• [PROVIDED INFORMATION]:
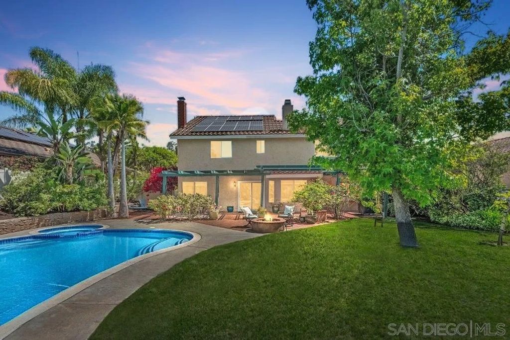 Pride of ownership is prevalent throughout this immaculate and inspiring Polo model with owned 16-panel 5.7 kW solar system. This tranquil home is nestled in the Rancho Arbolitos neighborhood of Poway, which boasts of no Mello-Roos and no HOA. Feel the splendor of this lush green landscape filled with fragrant roses and colorful flowers. Upon the first step in to this beautiful home, one will appreciate the soaring ceilings, rich walnut and Italian gres porcellanato flooring, 3 custom fireplaces, with iron doors, that set the tone of quality throughout the home. New AC condenser installed in July 2024. Plantation shutters, neutral colors upgraded finishes and fixtures. First floor bedroom and full bathroom complete with private backyard access/entryway. Gourmet kitchen complete with granite countertops, bar top seating, Viking gas cooktop, LED/recessed lighting, double-ovens, and designated breakfast area.
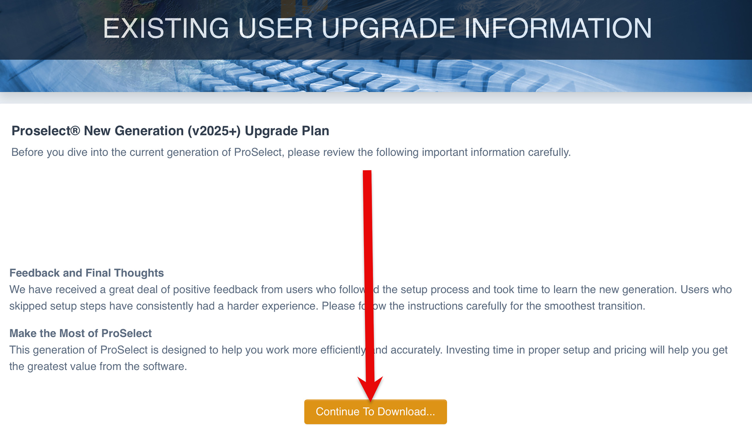 - Existing User Upgrade Information. If you are an existing ProSelect user and are upgrading, please take the time to read the upgrade information. Scroll to the bottom to continue to the download.
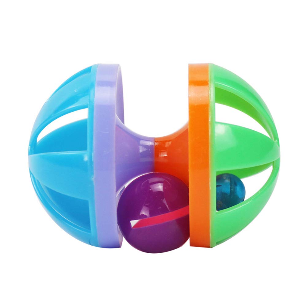 لعبة مضغ القطط على شكل كرة دوارة بلاستيكية مع جرس، تصميم متين وتفاعلي، تمرين ممتع وترفيه للقطط الصغيرة والقطط البالغة، لعبة خفيفة الوزن متعددة الألوان
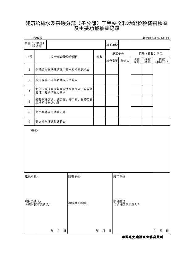 表格名称:电土验表3.0.13-14 建筑给排水及采暖分部(子分部)工程安全和功能检验资料核查及主要功能抽查记录
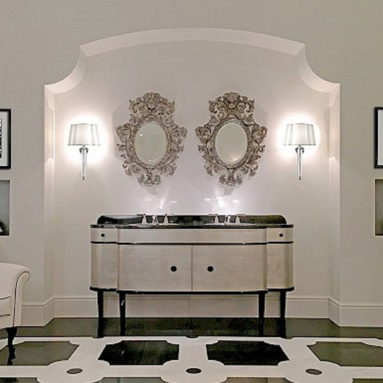 Devon & Devon collections have their own unmistakable contemporary classic style, which results in an elegant interaction of Art Deco, Victorian and Florentine Renaissance style, also reminiscent of the Jazz Age and Hollywood style atmospheres, such as the Music, Jetset and Miami vanities and the Claridge double console.
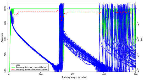Figure 3 shows the training behavior of these models on our dataset. It is interesting to note that the accuracy of the internal cross-validation (solid green lines) reached 100% after less than 30 epochs of training; however, this finding was not accompanied by maximum accuracy in the outer cross-validation (dashed red line). It is, thus, of importance to use outer cross-validation to estimate true accuracies. During further training, internal accuracy stayed at 100%, but loss decreased continuously, and external accuracy increased, until about 300 epochs of training. Then, a steep increase in loss and decrease in accuracy occurred. After further training, better results were obtained until epoch 550, when further accuracy decreases started occurring. At these points, the models get worse when continuing learning through the effect of overfitting. This means that the model is learning the outcomes of the given training samples “by heart” without being able to generalize this knowledge. To avoid overfitting, we need to define ways to stop training before accuracy decreases to find optimal models.
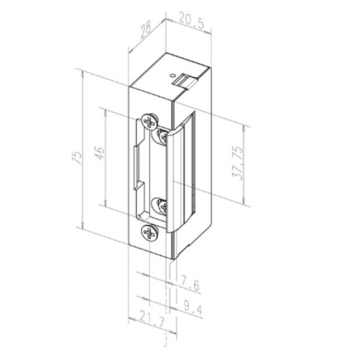 Univerzalni - bez određenog pravca otvaranja.• Podesivi jezik sa pomeranjem 3 mm.• Napon napajanja: 8-16V AC/DC• Kompatibilan sa 12V interfon sistemom• Univerzalni bez memorije i bloka.• NC kontakt (fail secure): ostaje zaključan u odsustvu napona.• Uložna ploča od čelika obrađenog cinkomTehnički podaciNapon 8-16 V AC/DC8-16 V AC/DCDIN smer UniversalUniversalPodesiva brava (FF, FaFik®) Da DaMehaničko otključavanje (E) Da DaZaključano na grešku Da DaFunkcija držanja otvorenog Da DaOtpor protiv provale 3500 N3500 NVisina 75 mm75 mmŠirina 20,5 mm20,5 mmDubina 28 mm28 mmOpseg radne temperature -15 °C do +40 °C-15 °C do +40 °COpseg tolerancije radnog napona 8 V *Nicht Ubersetzt: vieas specificiranoOpseg tolerancije nominalnog radnog napona kako je specificiranoOpseg tolerancije radnog napona 12 V *Nicht Ubersetzt: vieas specificiranoOpseg tolerancije radnog napona 16 V *Nicht Ubersetzt: vieas specificiranoNazivni otpor 8 V 22 O22 ONominalni otpor 12 V 22 O22 ONazivni otpor 16 V 22 O22 OPotrošnja naizmenične struje 8 V 310 mA310 mAPotrošnja naizmenične struje 12 V 470 mA470 mAPotrošnja naizmenične struje 16 V 620 mA620 mAPotrošnja jednosmerne struje (50% preostalo talasanje) 8 V 350 mA350 mAPotrošnja jednosmerne struje (50% rezidualnog talasa) 12 V 520 mA520 mAPotrošnja jednosmerne struje (50% zaostalih talasa) 16 V 690 mm690 mmPotrošnja jednosmerne struje (stabilizovana) 8 V 360 mA360 mAPotrošnja jednosmerne struje (stabilizovana) 12 V 550 mA550 mAPotrošnja jednosmerne struje (stabilizovana) 16 V 730 mA730 mAMaks. brava predopterec´enja AC rad 8 V 60 N60 NMaks. brava predopterec´enja AC rad 12 V 150 N150 NMaks. brava predopterec´enje AC rad 16 V 150 N150 NMaks. zadržati predopterec´enje DC (50% preostalo talasanje) 8 V 80 N80 NMaks. predopterec´enje reze DC (50% talasanja) 12 V 50 N50 NMaks. predopterec´enje reze DC (50% talasanja) 16 V 50 N50 NMaks. predopterec´enje reze DC (stabilizovano) 8 V 50 N50 NMaks. predopterec´enje reze DC (stabilizovano) 12 V 10 N10 NMaks. predopterec´enje reze DC (stabilizovano) 16 V 10 N10
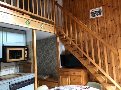 - A living room with equipped kitchen area (14,86m², 1 window and 1 French door facing South-West, mountain view parking and residence) - 2-burner ceramic hob, fridge with freezer (133L), microwave, Nespresso coffee machine, toaster, kettle, wardrobe retractable bed in 140.

• [EXERCISE GOAL]: Exact repeat of the material above: every line from the one with "Devon & Devon" through the one with "Figure 3 shows", endpoints included, and nothing more. No pictures.

• [EXPECTED ANSWER]:
 Devon & Devon collections have their own unmistakable contemporary classic style, which results in an elegant interaction of Art Deco, Victorian and Florentine Renaissance style, also reminiscent of the Jazz Age and Hollywood style atmospheres, such as the Music, Jetset and Miami vanities and the Claridge double console.
Figure 3 shows the training behavior of these models on our dataset. It is interesting to note that the accuracy of the internal cross-validation (solid green lines) reached 100% after less than 30 epochs of training; however, this finding was not accompanied by maximum accuracy in the outer cross-validation (dashed red line). It is, thus, of importance to use outer cross-validation to estimate true accuracies. During further training, internal accuracy stayed at 100%, but loss decreased continuously, and external accuracy increased, until about 300 epochs of training. Then, a steep increase in loss and decrease in accuracy occurred. After further training, better results were obtained until epoch 550, when further accuracy decreases started occurring. At these points, the models get worse when continuing learning through the effect of overfitting. This means that the model is learning the outcomes of the given training samples “by heart” without being able to generalize this knowledge. To avoid overfitting, we need to define ways to stop training before accuracy decreases to find optimal models.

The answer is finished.